Try quadreg, cubicreg, lnreg, logreg and check the graph and the r.

34
Q

What is extrapolation?

A

Making predictions outside of the x values you have.

35
Q

does correlation mean causation?

A

NO WAY DUDE

Just because variables go up and down together doesn’t mean one cause the other.

36
Q

What’s up with extrapolation? Is it OK?

A

Not ideal. Sometimes it’s all you can do, but state CAUTION.

37
Q

If something is associated is it correlated?

A

Not necessarily.

It can be associated and have a zero correlation

( parabolic scatterplot)

or categorical variables.

38
Q

Will residual plots always show outliers?

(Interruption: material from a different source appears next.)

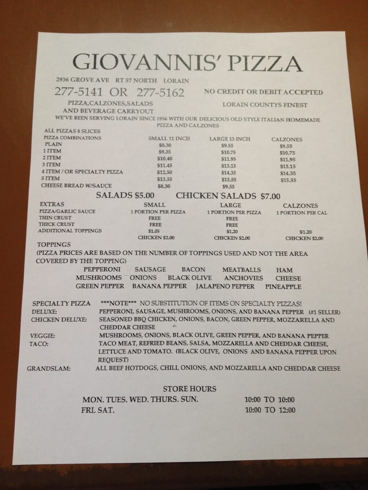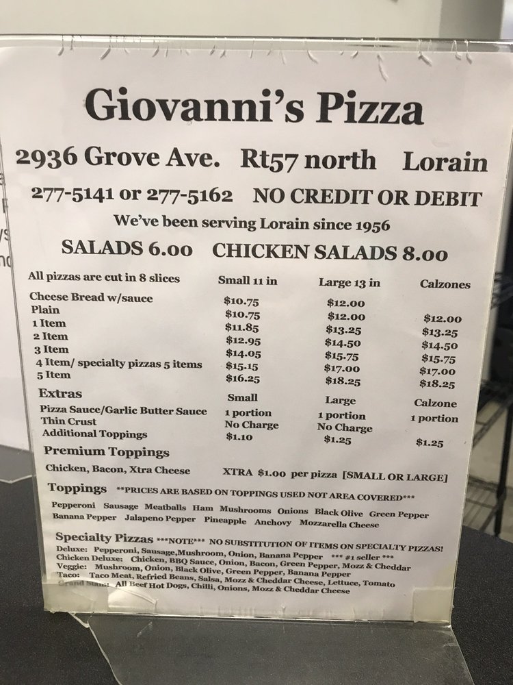 Introducing the menu at Giovanni’s Pizza, located in Lorain, OH, is a delightful experience with a unique twist on traditional pizzas. Customers rave about the thin, crispy crust, perfect blend of tomatoes and mozzarella, and a sprinkle of basil that transports them straight to Napoli. The generous toppings, gooey and cheesy consistency, and perfectly crispy crust make Giovanni’s Pizza a must-try for any pizza aficionado. Despite being a small establishment offering only carry-out, the quality, consistency, and perfection of their pies have not faded over the almost 70 years in business. Whether you are a local or driving from out of town, Giovanni’s Pizza is worth the trip for a taste of some of the best pizza around.
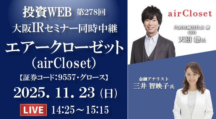 このあと14:25からは 《第278回》IRセミナーin大阪を同時中継 🎉 ご登壇は #エアークローゼット(9557)さま✨ MCは #三井智映子 さん(@chiekomitsui) ご視聴はコチラから👇 m.youtube.com/watch?v=syxV3t… 皆さまのご参加をお待ちしております😊 #投資家さんと繋がりたい #個人投資家 #上場企業 #IR pic.x.com/46zmsBPz9U

(will outliers always have large residuals?)

A

Usually, but not always. Some points have so much leverage, they pull the line up to it…

39
Q

How can you check if the scatterplot is “straight enough?” for a linear model?

A

Residuals plot fool!

check the resids

40
Q

Give example of correlation without causation and explain the lurking variable.

A

Ski accidents are higher on days with more hot chocolate sales, therefore, hot chocolate must cause ske accidents. (lurking variable: the number of people on the mountain). What is happening is that on days when the mountain is crowded, there are more hot chocolate sales and more ski accidents. So the population on the mountain is causing both to rise and fall together.

41
Q

How do you make a residuals plot? (find RESID?)

A

stat>plot make a scatterplot, but instead of L1 vs L2, change L2 by putting cursor on it and going to 2nd>lists down to RESID.

You can plot L1 vs RESID

or you can plot L2 vs RESID

42
Q

What are some strong r values and some weak r values

A

Strong r values are close to 1 or -1, like -0.83 or 0.94. Weak r values are close to zero like 0.10 or -0.06

43
Q

What point is on every regression line?

A

the mean-mean point. (x bar, y bar).

This point is generally not one of the points on the scatterplot.

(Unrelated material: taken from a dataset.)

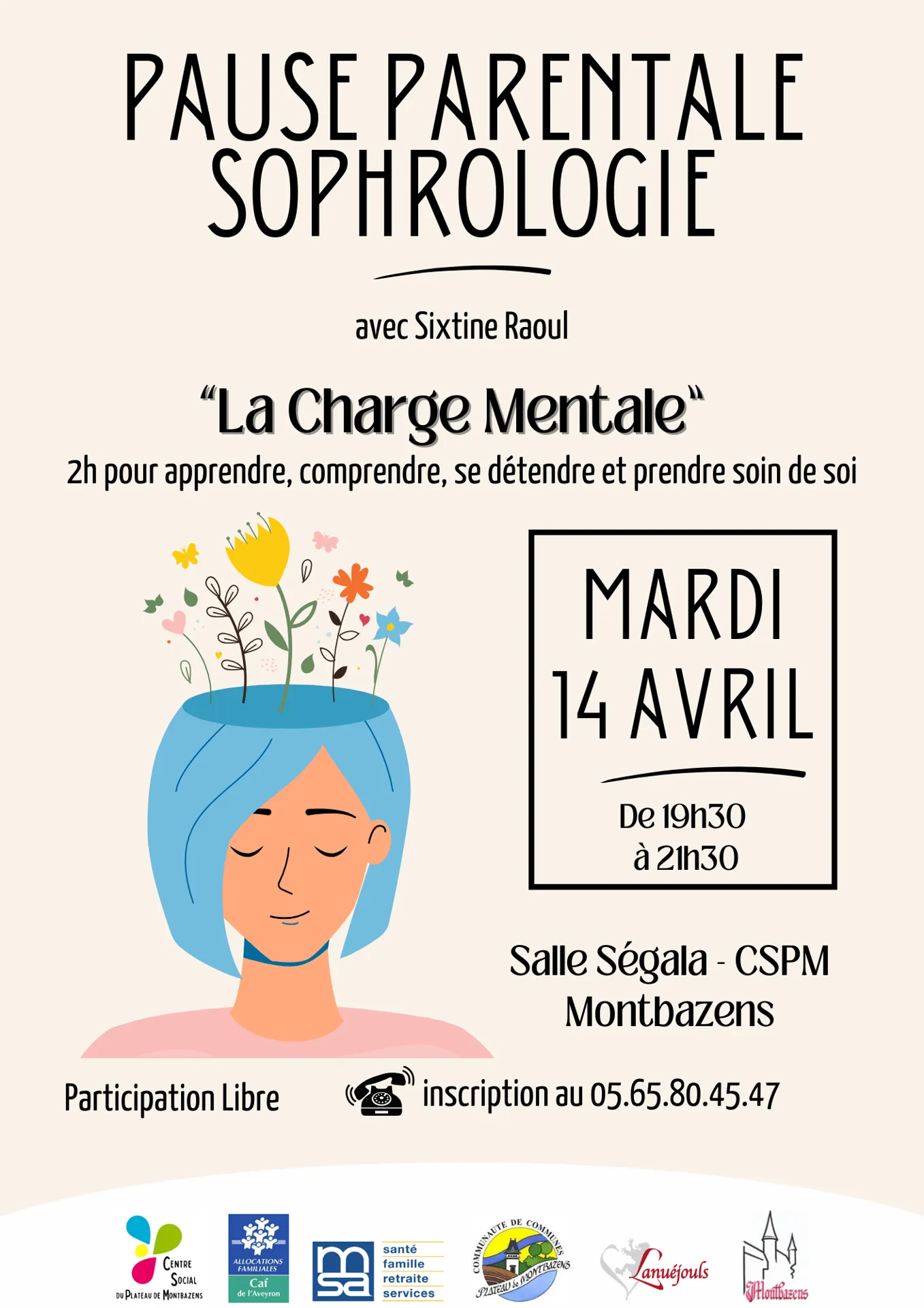 Pause parentale : la charge mentale, à la salle Ségala au CSPM de 19 h 30 à 21 h 30. 2 h pour apprendre, comprendre, se détendre et prendre soin de soin, avec Sixtine RAOUL. Inscriptions 05 65 80 45 47. Participation libre. (CSPM)

Usually none of the scatterplot points are on the regression line.

44
Q

Which is explanatory variable?

A

the x

the horizontal axis.

it “explains” what happens to y

45
Q

What do we want to see in a residuals plot in order to continue with the current model?

A

random scatter. No pattern.

if there is a pattern, then find a new model or proceed with caution.

46
Q

What is a residual?

A

Vertical distance to the LSRL (to the model)

ACTUAL-PREDICTED,

A-P, like this class AP (get it?)

y - yhat

Take y data found and from that, subtract the y you get from plugging the x into the model (equation).

47
Q

If something is correlated is it associated?

A

Yes.

If it is correlated then it must be associated.

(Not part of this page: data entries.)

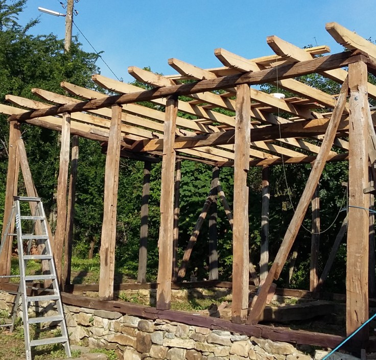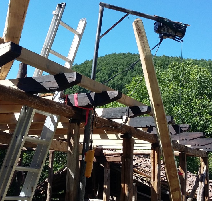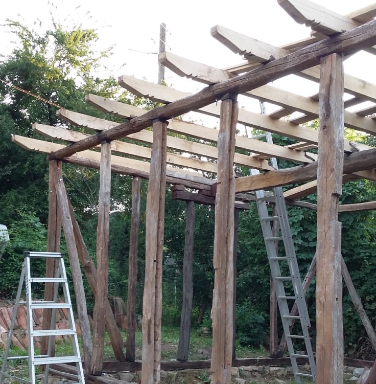 Така бях приключил миналата година и сега започнах с гредите на тавана.Те са дъбови и са работени зимата.При съхненето са се получили малки пукнатини но мисля че не е фатално.
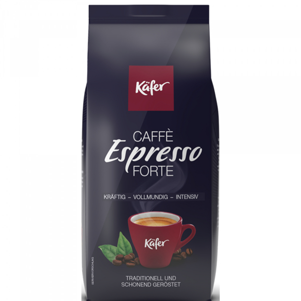 Probieren Sie die ESPRESSO forte Kaffeebohnen von Käfer und erleben Sie den intensiven Geschmack eines hochwertigen Espressos. Kaufen Sie jetzt und genießen Sie Ihren perfekten Espresso zuhause.
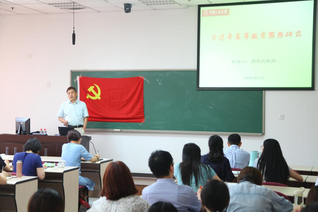 2018年6月21日下午,教育公司党总支邀请李立国教授、周光礼教授为全体师生党员做“解读习近平新时代中国特色社会主义教育思想”主题讲座。本次讲座由党总支书记张晓京主持。
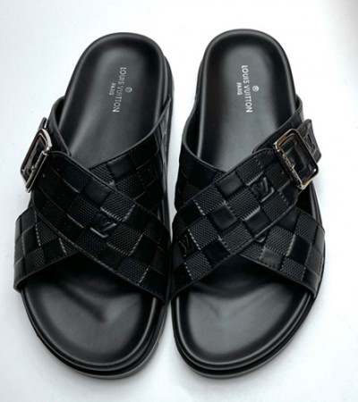 [홍콩명품.LOUIS VUITTON] 루이비통 23SS 다미에 레더 슬리퍼 (블랙), SE1524, PMD, 무브타임사이트,인터넷명품쇼핑몰,남자명품,슈즈,신발 > 신발
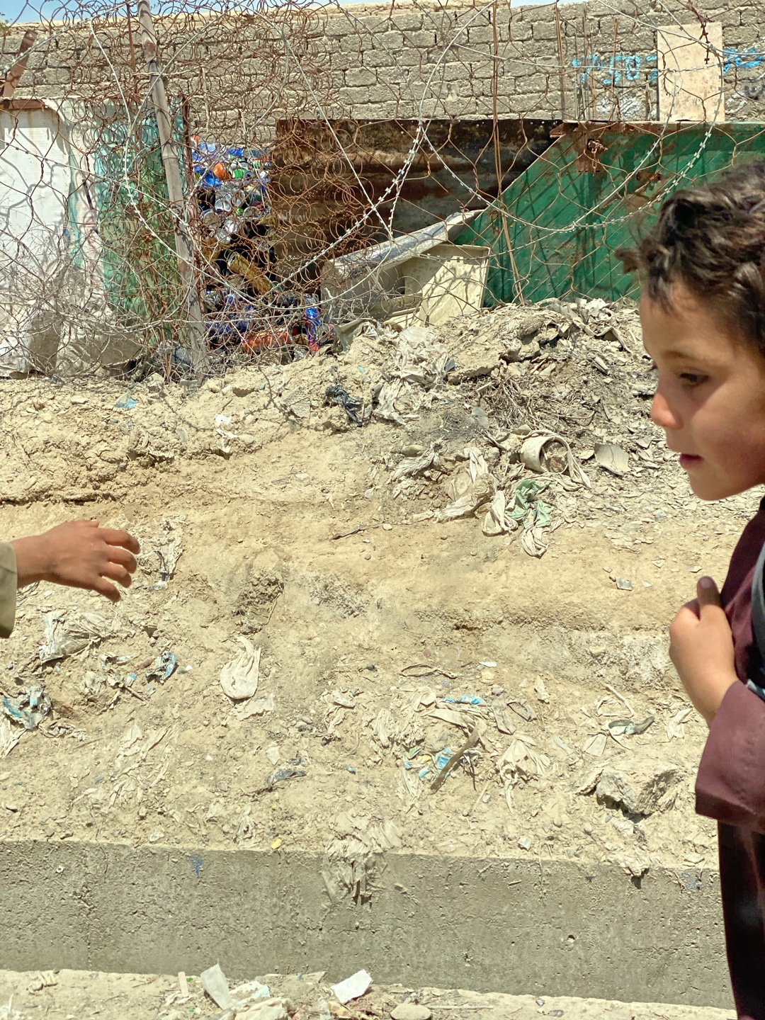 A child's profile is visible on the right side of the image. To the left, a hand is extended. The setting appears to be in an urban area, possibly the city of Kandahar, Afghanistan, with a dirt area f…read more
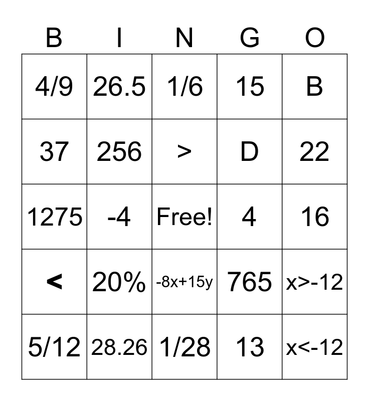 This bingo card has a free space and 29 words: 5/12, 1 1/2, -4, yes, 4/9, 1/6, 256, 20%, 4, 28.26, 16, x<-12, 1/28, 13, 22, 21.5, -8x+15y, <, B, 1275, 765, 33, D, 37, 15, 26.5, x>-12, > and 4x+10y.
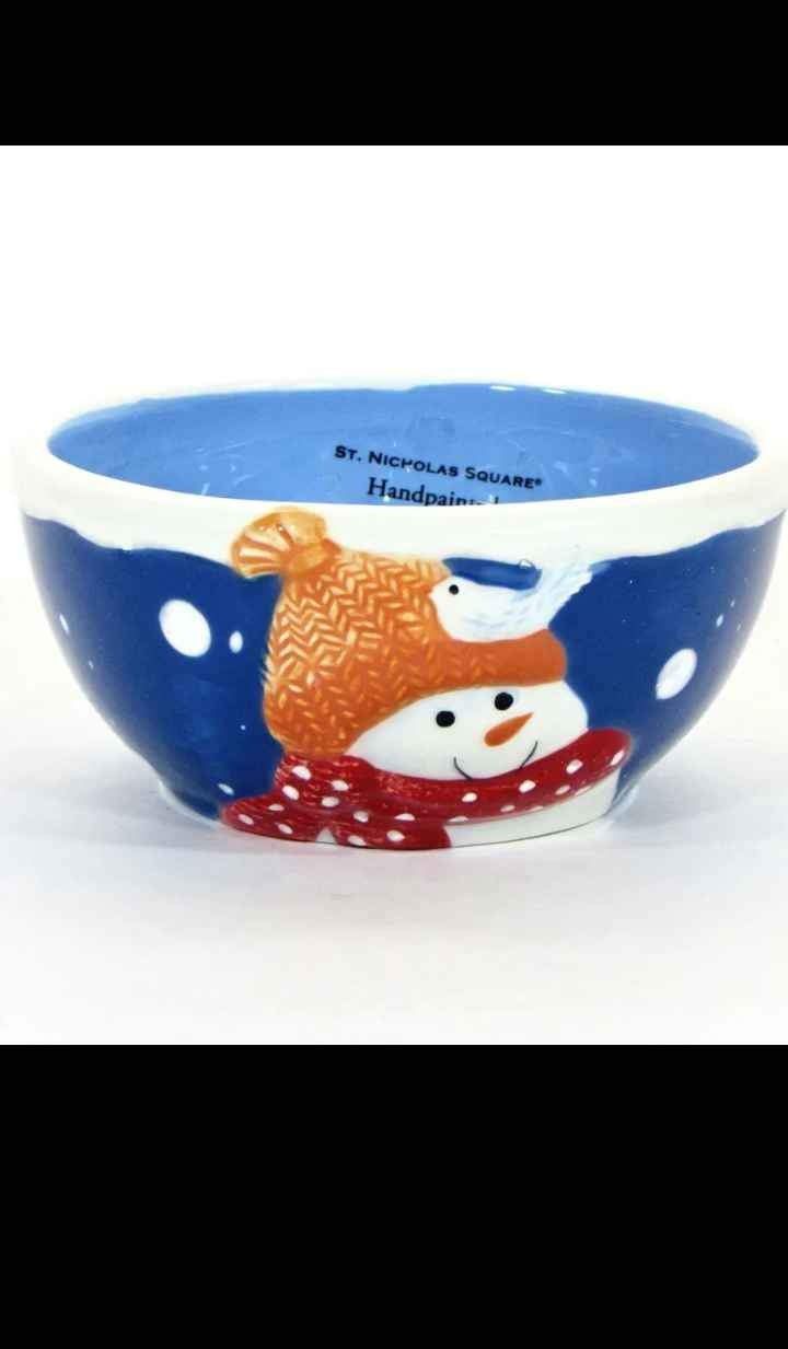 For Your Consideration is this Beautiful Holiday Bowl from St. Nicholas Square. Bowl is from the St. Nicholas Square Snow Days Collection, and is retired and rare. Bowl is skillfully handcrafted ceramic and beautifully hand painted with white snowflakes and an embossed snowman in a red hat and orange scarf. Bowl has the capacity to hold 8 ounces (to the rim) of your favorite holiday dessert, hot breakfast cereal, or snack. Bowl measures approximately 4.25"DIA x 2"High. Bowl is dishwasher safe and microwave proof, but not intended for oven use. Bowl is sold in excellent condition and will be gently handled and carefully packaged
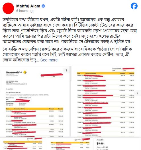 তথ্য উপদেষ্টা তার ভাই মাহবুব আলম মাহিরের যে পোস্টটি শেয়ার করেছেন তার শিরোনাম- ‘মিথ্যা অভিযোগের জবাব’। ওই পোস্টে মাহবুব আলম মাহির লিখেছেন, একটি ফেসবুক স্ট্যাটাস থেকে আমার বিরুদ্ধে আর্থিক অস্বচ্ছতার গুজব ছড়ানো হচ্ছে। আমার একাউন্টে গত ৬ মাসের বিবরণি এখানে দেয়া হল। আমার একাউন্টটি এখনো সচল আছে। বনি আমিন নামক ব্যক্তি ও কিছু মিডিয়ার প্রচারিত তথ্য আসলে মিথ্যা বৈ কিছু নয়। আমি অস্ট্রেলিয়ার একটি বিশ্ববিদ্যালয়ে মাস্টার্সের শিক্ষার্থী ছিলাম। অস্ট্রেলিয়ার একাউন্টটি ২৩ সাল থেকে খোলা।

However, if it is associated, it may not be correlated.

48
Q

is r sensitive to outliers?

A

yes. A single outlier can make it seem like there is a relationship ( if way out in x direction), or even seem like there is no relationship.

49
Q

what is leverage?

A

Far right or left from the middle.

leverage just means it is far away from x-bar

Some leverage points are not influential if they go along with the flow of the scatter.

50
Q

Interpret residual:

Points below the line

(negative residual)

A

“the model overpredicted”

or

“Actual value was below the the expected (or predicted)”

51
Q

Interpret residual:

Points above the line

(positive residual)

A

“the model underpredicted” or “actual performance was above the expected performance

52
Q

If r= 0.8.

An x value that is 2 standard deviations above the mean in the x direction will have a predicted y value that is _______

A

1.6 standard deviations above the mean in the Y direction

53
Q

Does high r squared mean a good model?

A

CHECK SCATTER FIRST..

Make sure model “FITS” the data.

You should check your scatterplot and residuals plot to make sure model is appropriate and no outliers present… then it means something

So YES, but after you check the resids.

54
Q

How do you interpret slope?

A

For an increase of 1 [unit of x] there is an (increase/decrease) of [SLOPE] [units of y].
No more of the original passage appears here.